Dönsek baksak geri, belki de hiçbir sebebin önemi kalmadı: çünkü olan bir kere olduktan sonra geri gelmiyor hiçbir
şey. Akan gözyaşı nasıl dönmüyorsa geri,
geçen zamana da dur diyemeyeceğiz. Peki ne oldu şimdi, günlerimizden sorumlu;
yarınlardan umutlu; dünlerde mahcup ve boynu bükük mü kaldık ? Öyleyse neden
dünün acıları bugüne kaldı ve biz bütün sorumluluklarından kaçıyoruz günün? O
zaman anlamı kalmadı yarının, hadi umutlarımızı söndürüp uyuyalım.
Uyan Deniz, uyan! Yeni
gün seni de çağırıyor, katıl kaldığın yerden. Tamam, biliyorum istediğin yerde
bırakmadın ve gidiş yolundan da puan alamadın ama hayat bu ne yazık ki!

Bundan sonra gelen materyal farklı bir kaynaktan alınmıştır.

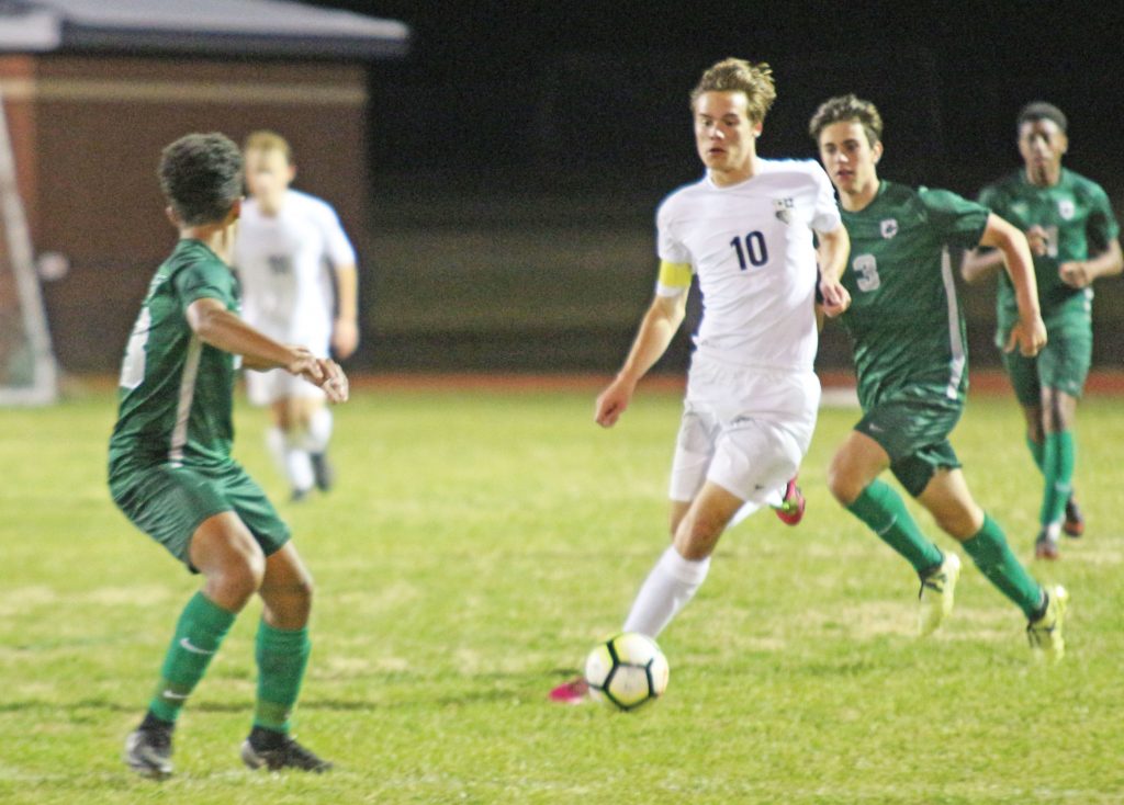 BLYTHEWOOD – Blythewood Soccer hit the field in the Nike Palmetto Cup at Saluda Shoals over Spring Break. The Bengals tied with Clover, 1-1, beat Gilbert, 3-1, and Hanahan, 4-0, and dropped a game to Cardinal Newman (1-4). The Bengals were back in action in Blythewood Tuesday night against region foe Dutch Fork. The Silver Foxes bested the Bengals 2-1. Above, senior forward Dalen Mickle (5) in the April 5 matchup with Cardinal Newman. Below, senior striker Logan Shay (10) in Tuesday’s game against Dutch Fork. The Bengals will host Heathwood Hall on Friday at 6:30.
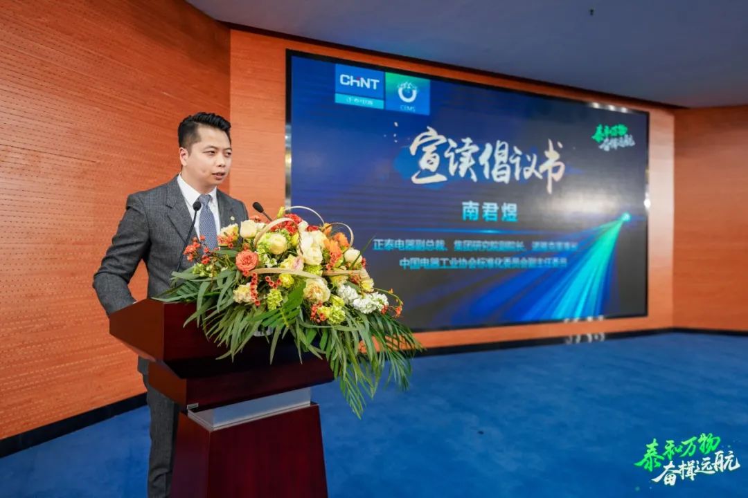 正泰电器副总裁、诺雅克董事长、中国电器工业协会标准化委员会副主任委员南君煜宣读开启盘厂合作伙伴“生态圈”计划倡议书,呼吁盘厂行业精英积极建言献策,齐心协力,共同推动《导则》的实施,为广大合作伙伴提供深入的业务支持,并为行业发展贡献一份力量。
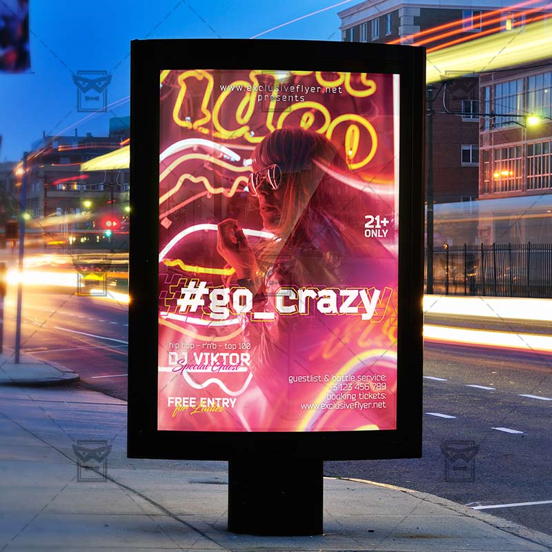 Go Crazy Night Flyer PSD Template for Adobe Photoshop
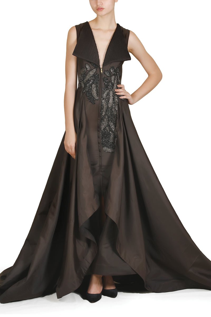 Black collared front zipper opening asymmetric hemline chanderi gown highlighted in sequins, beads & zari work.Color: BlackFabric: ChanderiCare Instructions: Dry Clean Only.
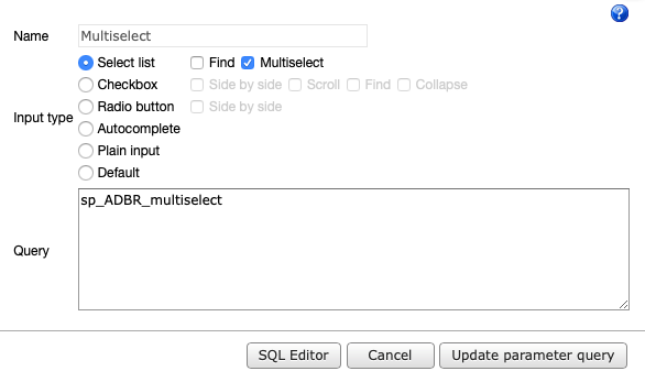 Multiselect fields allow users to pick multiple items from a dynamic, AJAX-driven list. myDBR passes these selections to the report as a comma-separated string of IDs.

Ona
sorarsan eğ başını usul usul yürü şimdi. Fakat korkma hemen sanma ki tüm yollar
çakıllı, elbet bir ışık vardır önünde sonuna kadar gidilesi gelen. Bilirim
biraz cesaret ister ama sen de biliyorsun Deniz, kolunu hiç boş bırakmadım. Çok
tökezledik ama hiç düşmedik değil mi ?
Hayat böyle Deniz! Dün, bugün, yarın aynıdır. Sonra bir bakmışsın sıcak çay dökülen soğuk bardak gibi çatlamışsın ince ince. Hem de ne çatlama parçanı bulana aşk olsun, akar çatlaklarından gözyaşların ama toplayamaz acılarını bir su birikintisinde. Biliyorum, biliyorum gönlümün sultanı hem de hiç kimsenin bilmek istemeyeceği kadar. Fakat elimi yakacağını bile bile uzanmak istiyorum o sıcak sobaya. Varsın yansın, varsın bir iz de ben de kalsın. Üzerindeki ateşi biraz söndüreceğini bilsem, sarılır sobaya bütün soğuğumu verirdim acına.